ACTION ITEM: Every line from the one with "该团队已经能够产生诸如降雪的" to the end of the listing below must be printed exactly, with no other text and no pictures.
━━ PROVIDED DATA ━━
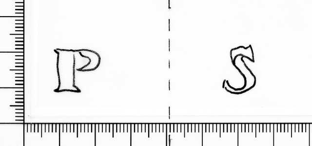 Tipo de filigrana: Doble Parte estudiada: Derecha Código del Motivo: V.02.01.00 Descripción: Filigrana izquierda: letra P Filigrana derecha: letra S Estructura: Tradicional de líneas Altura (mm): 13 Anchura (mm): 9 Tipo de papel: Continuo Posición en la hoja: Derecha inferior Distancia entre corondeles: Posición en relación al texto: Perpendicular al texto hacia arriba Origen de los datos: Datos obtenidos del original País de localizatión del molino: España Lugar del molino: Cataluña Autor de los datos de este registro: María Dolores Díaz de Miranda Macías Estado de la hoja: Cortado borde izquierdo e inferior Altura de la hoja: 309 Anchura de la hoja: 425 Color de la hoja: Natural Estado de conservación: Bueno Institución: Archivo Municipal de Oviedo.
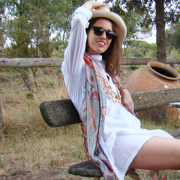 Today I show you some of the clothes and accessories that will come with me in my suitcase. I am almost on holidays!!! The shirt dress will be one of my favorites. It has a lot of possible combinations and it’s very trendy this summer. In the pictures I am wearing a white shirt dress from Menchén Tomàs combined with an Etro scarf and self-made seashells necklaces from Maldives and French Polynesia.
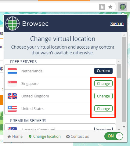 Відкриється ось такий список. У безкоштовної версії розширення, доступно тільки чотири країни. Для вибору, натисніть навпроти потрібної на кнопку «Change».
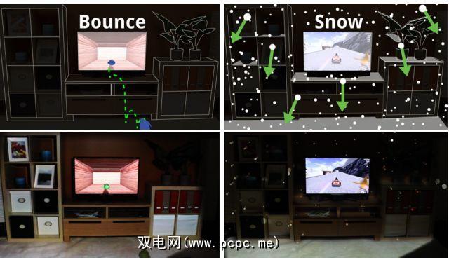 该团队已经能够产生诸如降雪的效果。在游戏中或在称为“弹跳"的模拟中对房间的方向做出反应的房间,研究人员制作了一个“手榴弹",该弹从电视机中滑出并在客厅附近弹跳。
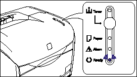 If no abnormalities are found during the self-diagnostic test, the Ready indicator (blue) comes on, and the printer is ready to print.
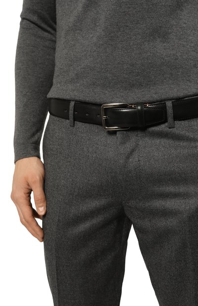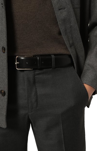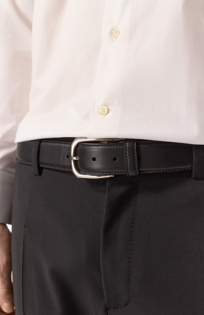 Для изготовления ремня стандартной ширины использовали мягкую наппу. Аксессуар с кожаным тренчиком и квадратной серебристой пряжкой украсили металлической пластиной с выгравированным логотипом.
━━━
RESPONSE:
 该团队已经能够产生诸如降雪的效果。在游戏中或在称为“弹跳"的模拟中对房间的方向做出反应的房间,研究人员制作了一个“手榴弹",该弹从电视机中滑出并在客厅附近弹跳。
 If no abnormalities are found during the self-diagnostic test, the Ready indicator (blue) comes on, and the printer is ready to print.
 Для изготовления ремня стандартной ширины использовали мягкую наппу. Аксессуар с кожаным тренчиком и квадратной серебристой пряжкой украсили металлической пластиной с выгравированным логотипом.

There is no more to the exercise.